Such is the idea from Laura J. Kray, who stops short of saying that these bans should be enforcement by government. It’s just implied
The best way to way to eliminate the gender pay gap? Ban salary negotiations.
Ellen Pao, interim chief executive of Reddit, announced last month a ban on salary negotiations at the social media company. Her stated goal: to eliminate the persistent disadvantage that women have at the bargaining table.
Her pronouncement came just days after Pao lost a high-profile sex discrimination lawsuit against one of Silicon Valley’s biggest venture capital firms. Since then, she has insisted that companies “can’t just hide†from sexism in their workplaces, and must be proactive in counteracting discrimination. Still, while it is true that women earn about 78 cents, on average, for every dollar a man makes for comparable work, Pao’s no-negotiating policy has struck many as absurd.
Why take away an important tool for women to achieve equal pay? Why stop a woman with star qualifications from pushing for as much money as she can get?

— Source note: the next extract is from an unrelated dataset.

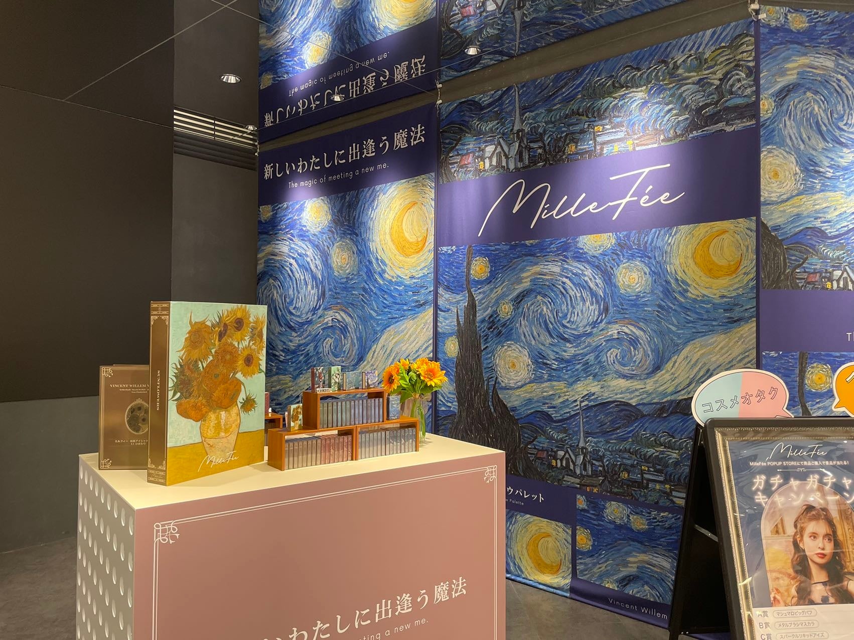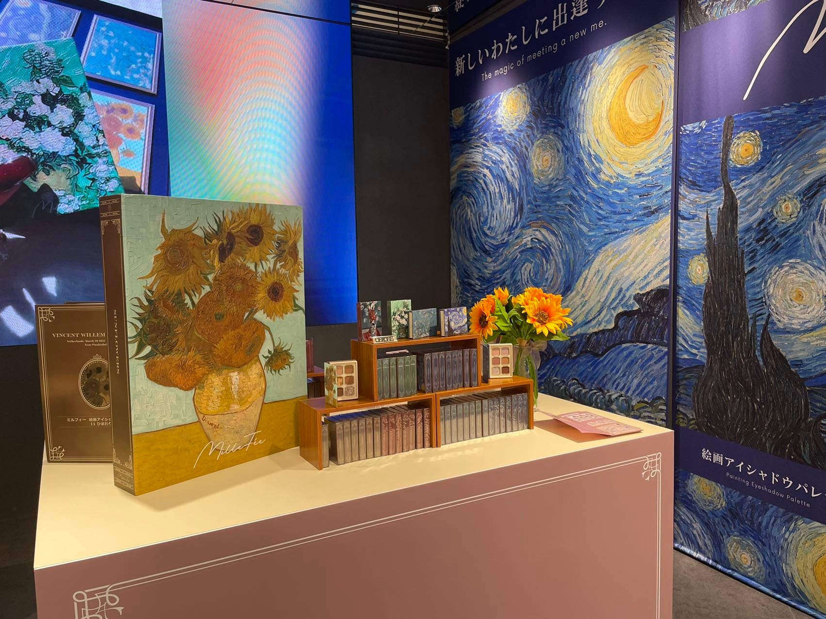 POP UPブース内の壁面には、とりわけ人気カラーの「08 星月夜」に使用されたゴッホの星月夜が一面に映され、まるで絵の世界に入り込んだような感覚をお楽しみいただけます。

Yeah, why? Oh, right. “Social justice”.
In a perfect world, I would agree. Many people in the equal-pay debate argue that inferior negotiating skills are at the root of the gender pay gap. Teaching women to be better negotiators – or getting them to negotiate at all – would fix the issue. But the causes of this problem are more complicated than that. We have two decades of rigorous empirical research on how gender affects contract negotiations and it all points in the same direction. Put simply: As we practice it in the United States, negotiation is a man’s game with men’s rules.
This is followed by all sorts of excuses and Blamestorming and such, in an attempt to softly paint women as hothouse flowers in need of rescue by some sort of Big Entity, because they are always disadvantaged. Sadly, many of the real reasons that women end up on the lower end of the pay raise carrot are never mentioned. Things like men tending to work longer hours, taking less sick and personal days (these days are often taken to take care of the children), time off for maternity, they’re less likely to work weekends, and many other reasons. There is often a time at work disparity.
What’s that? Train women to be better negotiators? Oh, brother, no no no, that’s part of the excusifying. It’s not like anyone could just google “salary negotiation strategies”.
Of course, banning salary negotiation (who is doing the banning?) has its own issues
Such policies do come with some risk. A ban on negotiations leaves a lot of power in the hands of employers, who may not be making equal salary offers to men and women in the first place. The solution is transparency. In an effort to encourage equity and trust, a growing number of companies reveal the salaries of all their employees, sometimes even posting them online. This makes it much harder to hood-wink job candidates and helps eliminate gender discrepancies.
Is Ms. Kray saying that women are too naive to figure it out? Seems rather callous.
Certainly, it would be best if women were judged and treated just as men are when sitting at the negotiating table. But society’s gender biases and discriminating behavior haven’t been overcome in a generation. Pao’s solution of banning salary negotiations is not ideal, but it has the virtue of being grounded in the reality of the world as it is, not as we’d like it to be.
On one hand, feminists/liberals tell us women are super strong, and in the next breath tell us they need all sorts of super protections (by whom, we are not told in this opinion piece). Which is it? Like anything, negotiating salary is a skill, one that can be learned. Fewer and fewer companies disallow negotiation at most levels: there is one set pay scale. This is all progressivism at its best: punishing those who succeed, rather than elevating those who aren’t by teaching.
Crossed at Right Wing News.
Troll idea – say, “So, women are not as good as men at negotiating their salaries? Are there other parts of the business world where women are not equal to men? This negotiation disability seems to suggest that.”
Haha!
In a recent year I negotiated salaries with three women for senior/management positions and made each one an offer that would have made them the highest paid employee at their position, about $20K more than the others. I felt each of them was very talented and deserving of the most attractive offer possible. They obviously had no trouble negotiating. Each of them turned down the offer, however, because they could get $20K more than I offered from large government contractors who have to meet race and gender quotas to get competitive grades on their contract bids. For a job that I was paying $100K salaries for, costing me $200K after taxes, benefits, and overhead, I would have had to pay the women $140K salaries, costing me $280K burdened. Three women would have therefore cost me an extra $240K per year over three men. It’s much worse for the large government contractors because they have 3X burden rates. Each woman is going to cost them $400K. This how the government wants it, and that is part of why they pay $2000 for wrenches and stuff like that.